(Supplied material begins)
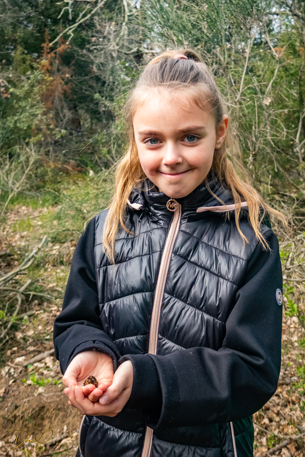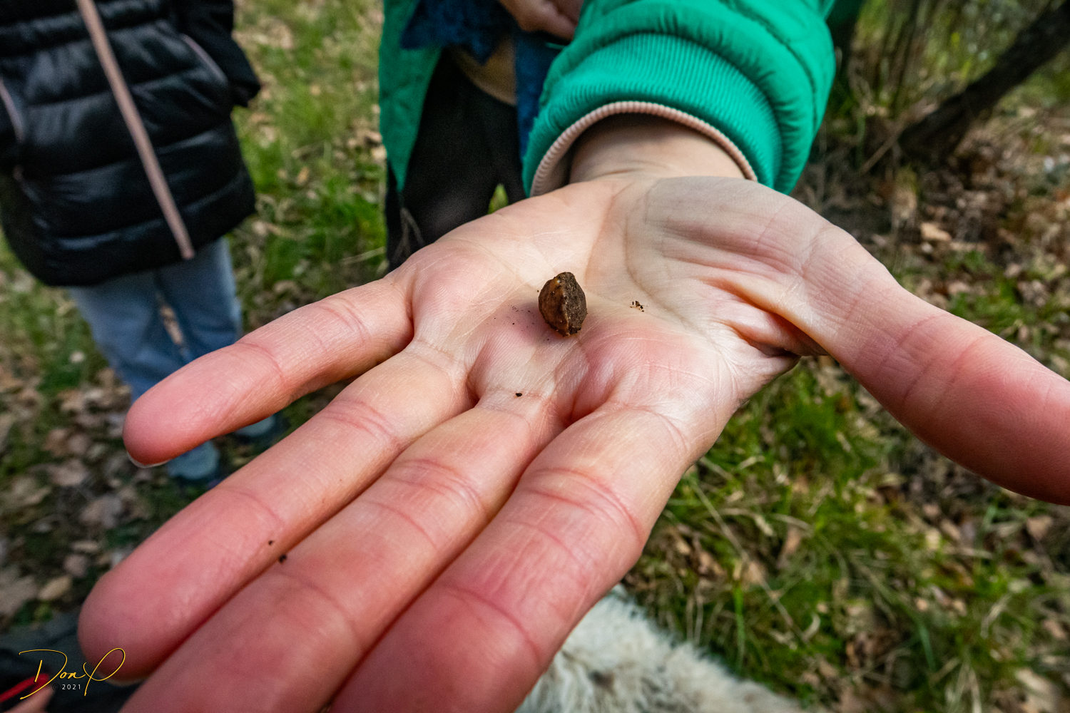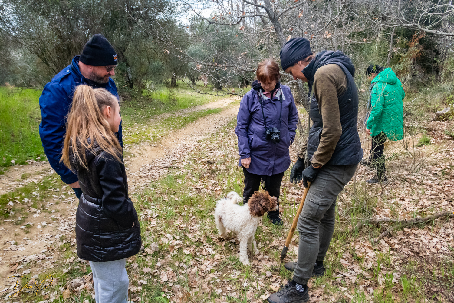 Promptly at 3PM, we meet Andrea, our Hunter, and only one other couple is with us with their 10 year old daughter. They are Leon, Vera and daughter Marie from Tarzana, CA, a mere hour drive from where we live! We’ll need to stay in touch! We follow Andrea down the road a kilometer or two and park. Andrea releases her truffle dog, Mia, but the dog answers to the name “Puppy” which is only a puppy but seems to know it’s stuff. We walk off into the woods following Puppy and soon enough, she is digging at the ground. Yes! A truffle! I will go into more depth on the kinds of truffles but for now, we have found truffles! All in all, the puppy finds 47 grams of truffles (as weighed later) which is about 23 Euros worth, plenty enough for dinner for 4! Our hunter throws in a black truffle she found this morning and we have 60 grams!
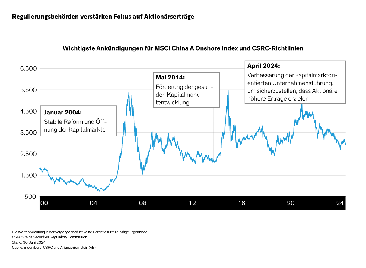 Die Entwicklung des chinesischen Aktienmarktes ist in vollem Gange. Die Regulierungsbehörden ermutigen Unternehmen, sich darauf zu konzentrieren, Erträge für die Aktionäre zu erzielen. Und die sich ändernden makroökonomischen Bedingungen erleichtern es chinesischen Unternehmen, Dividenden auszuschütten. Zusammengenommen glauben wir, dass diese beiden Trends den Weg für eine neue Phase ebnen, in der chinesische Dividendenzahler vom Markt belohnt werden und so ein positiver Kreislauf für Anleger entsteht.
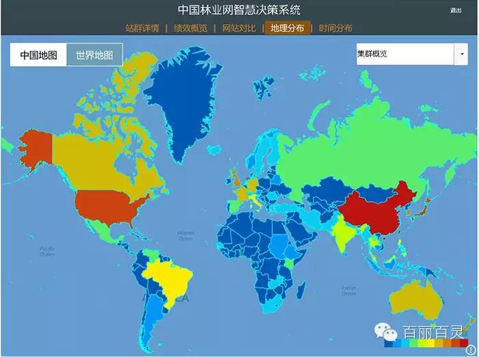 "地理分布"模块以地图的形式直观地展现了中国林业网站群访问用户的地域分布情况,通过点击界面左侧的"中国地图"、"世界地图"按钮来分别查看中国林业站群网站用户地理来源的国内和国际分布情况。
(Supplied material ends)
Task prompt: A verbatim copy of the data, free of pictures, is the expected answer.

Solution for this exercise:
 Promptly at 3PM, we meet Andrea, our Hunter, and only one other couple is with us with their 10 year old daughter. They are Leon, Vera and daughter Marie from Tarzana, CA, a mere hour drive from where we live! We’ll need to stay in touch! We follow Andrea down the road a kilometer or two and park. Andrea releases her truffle dog, Mia, but the dog answers to the name “Puppy” which is only a puppy but seems to know it’s stuff. We walk off into the woods following Puppy and soon enough, she is digging at the ground. Yes! A truffle! I will go into more depth on the kinds of truffles but for now, we have found truffles! All in all, the puppy finds 47 grams of truffles (as weighed later) which is about 23 Euros worth, plenty enough for dinner for 4! Our hunter throws in a black truffle she found this morning and we have 60 grams!
 Die Entwicklung des chinesischen Aktienmarktes ist in vollem Gange. Die Regulierungsbehörden ermutigen Unternehmen, sich darauf zu konzentrieren, Erträge für die Aktionäre zu erzielen. Und die sich ändernden makroökonomischen Bedingungen erleichtern es chinesischen Unternehmen, Dividenden auszuschütten. Zusammengenommen glauben wir, dass diese beiden Trends den Weg für eine neue Phase ebnen, in der chinesische Dividendenzahler vom Markt belohnt werden und so ein positiver Kreislauf für Anleger entsteht.
 "地理分布"模块以地图的形式直观地展现了中国林业网站群访问用户的地域分布情况,通过点击界面左侧的"中国地图"、"世界地图"按钮来分别查看中国林业站群网站用户地理来源的国内和国际分布情况。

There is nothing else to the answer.